Limitations & Future Work

  • Limited benchmark scale: Only 10 clusters, 5 APIs per cluster, and 100 synthetic queries—performance may vary when scaled to hundreds of API categories in real production environments.
  • Insufficient feature explainability: Linear regression \(R^2 < 0.4\) suggests a large portion of bias comes from unexplainable factors (likely implicit associations from pre-training).
  • Mitigation relies on an additional LLM: The filter itself could be biased (though experiments show minimal impact) and adds to inference costs.
  • Coverage limited to English and RapidAPI: Generalization across languages and platforms remains unverified.
  • Did not analyze the contribution of RLHF/preference tuning to tool selection bias—this could be a significant source.
  • vs.

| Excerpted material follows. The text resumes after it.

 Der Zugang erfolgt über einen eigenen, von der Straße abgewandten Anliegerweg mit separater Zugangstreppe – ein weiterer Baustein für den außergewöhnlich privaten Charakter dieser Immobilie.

Mo et al. (2025) / Faghih et al. (2025): While they focus on the fragility of tool selection under adversarial attacks (malicious metadata injection), this paper focuses on natural, non-adversarial bias, which is more universal.

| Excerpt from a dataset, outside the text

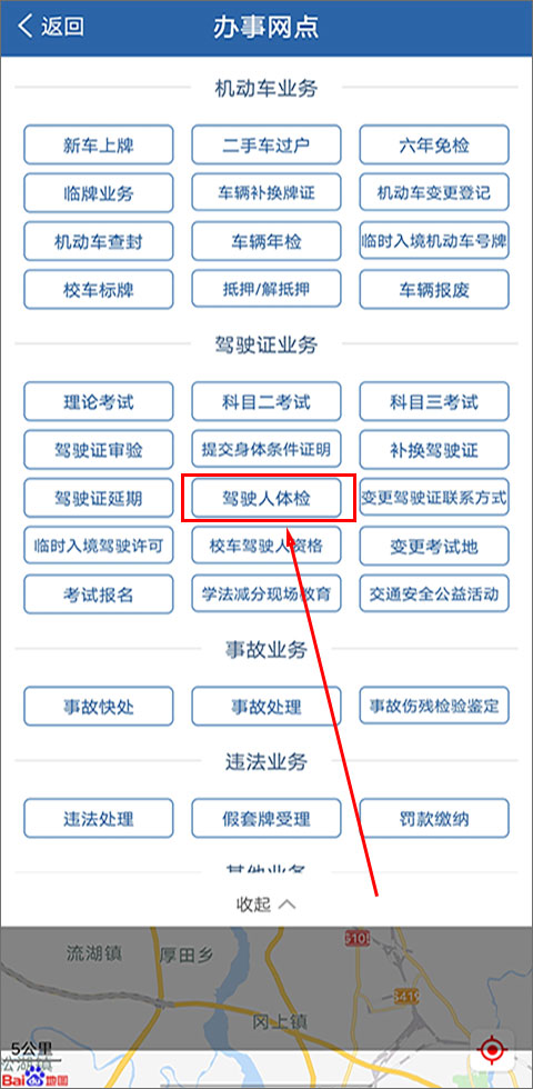 选择更多,在弹出的业务服务中选择“驾驶人体检”进入;

  • vs. Position Bias research (Pezeshkpour, Zheng, etc.): While they study position bias in Multiple Choice Questions (MCQs), this paper extends it to tool selection and proposes a framework considering both API and position bias.

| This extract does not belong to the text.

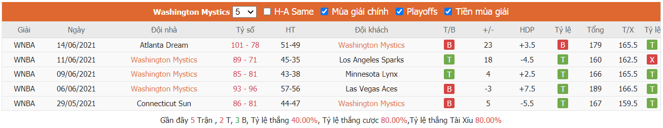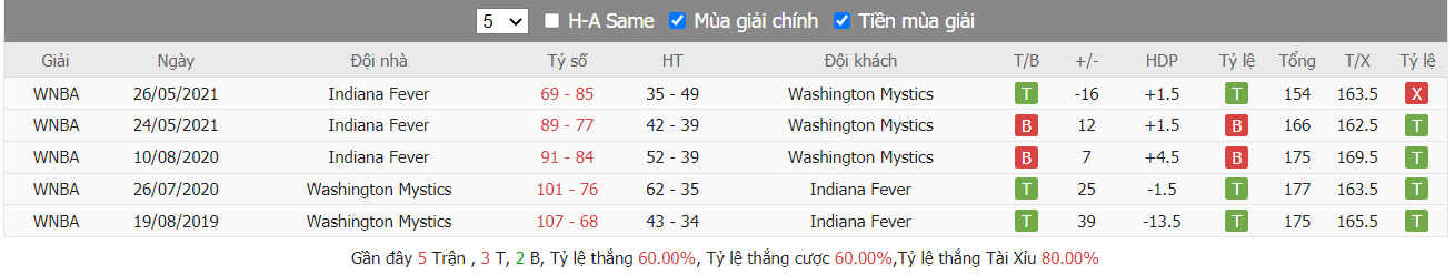 Phong độ gần đây Washington Mystics vs Indiana Fever

  • vs. LLM Fairness research: Existing research focuses on social and cognitive biases; this work opens a new direction in "tool selection bias."
  • The bias measurement methodology in this paper can be used to evaluate fairness in other LLM agent decision-making scenarios (e.g., routing selection, model selection).

Rating

  • Novelty: ⭐⭐⭐⭐ First systematic study of tool selection bias; original problem definition and benchmark design.
  • Experimental Thoroughness: ⭐⭐⭐⭐ 7 models, 500k inferences, multi-dimensional analysis, though benchmark scale is small.
  • Writing Quality: ⭐⭐⭐⭐ Clear structure; the "Discover-Explain-Mitigate" logic chain is complete.
  • Value: ⭐⭐⭐⭐ Practical significance for agent ecosystem fairness; mitigation strategy is simple and usable.